Heizmann commented 6 years ago

@alexandernutz in this class is a special new method for quantifier elimination that does not make sense to me. You were using that method. I modified that call. https://github.com/ultimate-pa/ultimate/commit/c854ea4e6ba0faf6819f8844583af41d0f757886 Now the first test passes and the second test fails because the quantified variable is the argument of a function application. My partial quantifier elimination does not support that case. (And I am not willing to change that unless the change helps)

I think, if we would replace ~initToZeroAtPointerBaseAddress~int by the function body, my partial quantifier elimination would eliminate the quantifier. Question to @alexandernutz and @danieldietsch: Could we inline this (use defined) SMT function immediately?

danieldietsch commented 6 years ago

Currently, we call defineFunction for a new script instance and define all smtdefined function symbols that way.

You can access all functions defined that way via CfgSmtToolkit and its SmtSymbols getSmtSymbols() method.

I do not know how feasible it would be to require an SmtSymbols instance for the quantifier elimination, but if this is no issue you could substitute all the function applications with their bodies. Although, I am not sure if we have some kind of SMT function inliner. The normal substitution will probably not work, or at least be somewhat inefficient.

If you think that this would be a good way forward, I could look into it.

Heizmann commented 6 years ago

If possible, we should inline the function immediately.

danieldietsch commented 6 years ago

We could do it during the construction of the Icfg. But the backtranslation will be difficult. Do you have an idea how we could do it there? Then you could explain it to me and I can implement it.
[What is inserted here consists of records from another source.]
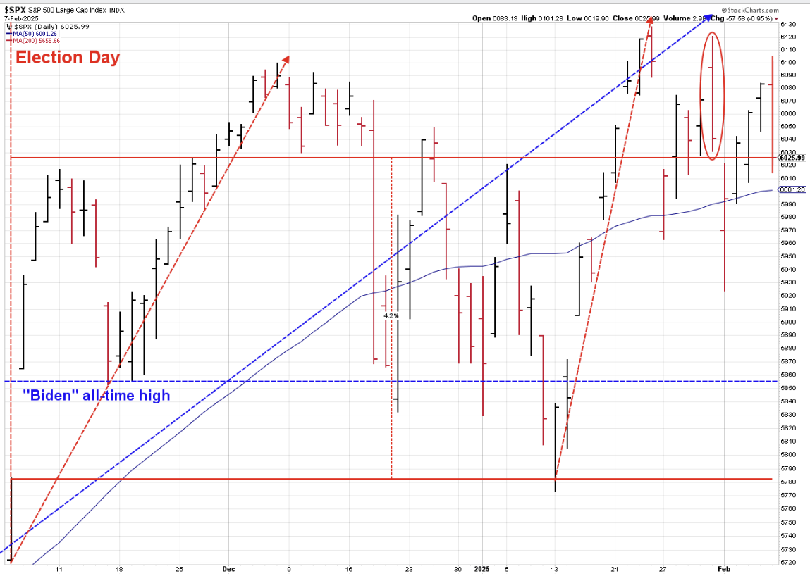 The Trump 2.0 Chart, which shows the S&P 500 daily fluctuations since the election shows how volatile the market has been so far. For the 2nd Friday in a row, rumblings from the President about additional tariff actions led to stocks closing Friday near the lows of the day.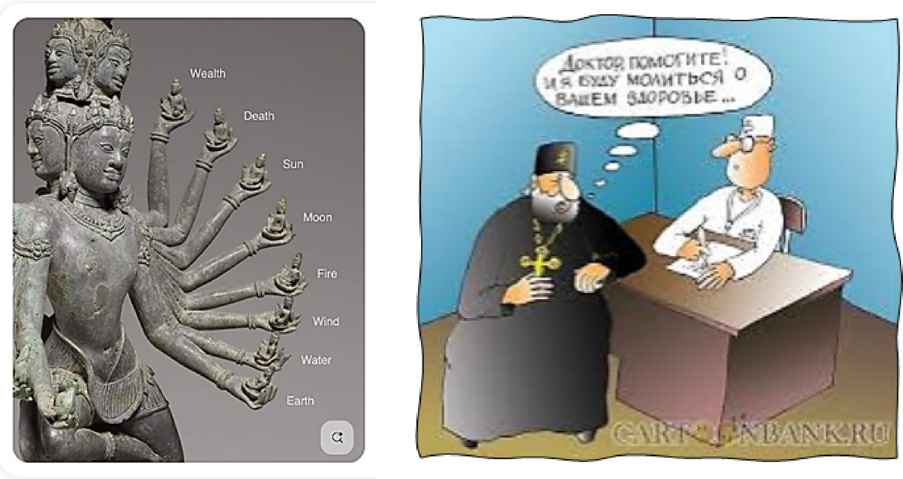 Медицина древности тесно переплеталась с магией и религией. В очень Древней Греции основателем медицины почитался Асклепий, он же Эскулап, обучавшийся у кентавра Хирона врачеванию и даже воскрешению мёртвых. Но Эскулап воскрешал не из благих побуждений и по заслугам почившего, а исключительно за плату. Олимпийские боги возмутились такому махровому материализму и нажаловались Зевсу. Громовержец, как и положено, отреагировал на общественное заявление и поразил Эскулапа молнией, но потом передумал, оживил, и – обожествил его. И это тоже не мои фантазии! Каждый желающий может преспокойно отыскать эти россказни в любом официальном учебнике по истории медицины. В Египетских пирамидах, как известно, гробницы фараонов просто забиты глиняными черепками, зёрнами пшеницы, разными историческими артефактами, и медицинскими трактатами. Все эти «археологические» чудеса в них находят потому, что искателям артефактов, т.е. выпускникам престижных университетов, необходимо предоставлять поле для сенсаций, а маститым учёным – морковку Нобелевки. И первые, и вторые регулярно оплачиваются различными меценатами и иными структурами.
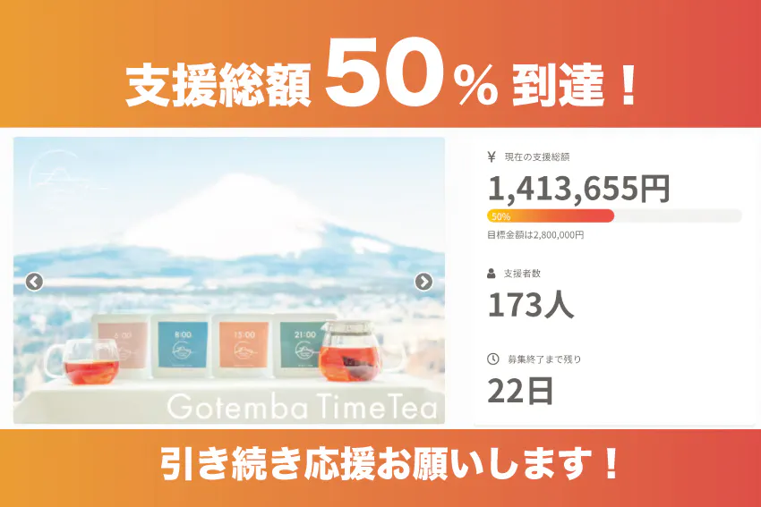 クラウドファンディング開始から16日目、支援総額50% 支援者数も173名に到達しました!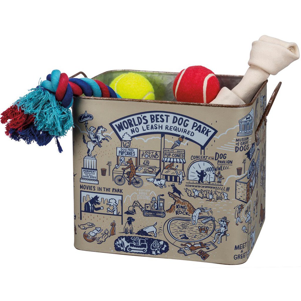 A square metal bucket featuring wrap-around dog-themed designs and clever sentiments. Contains top handles for easy carrying. 9.25" x 8.25" x 7.75"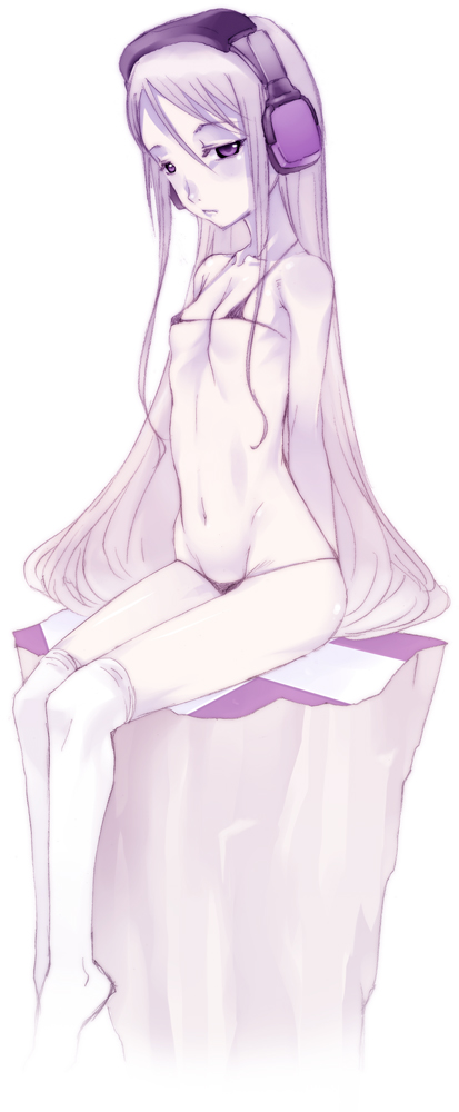 bikiniblushflat chestheadphoneslegslong hairmicro bikiniskinnysoloswimsuitthighhighswhite thighhighs

Heizmann commented 6 years ago

I see, that is a problem. But I have no idea for the backtranslation. I think we have to look at individual expressions that occur in practise and think about solutions.

danieldietsch commented 5 years ago

I updated SMTInterpol in 5d08986750682c75e39ad1f92180c9582722463d -- this should fix the error you reported @alexandernutz

danieldietsch commented 5 years ago

I think this feature is now implemented and all follow-ups should get their own ticket.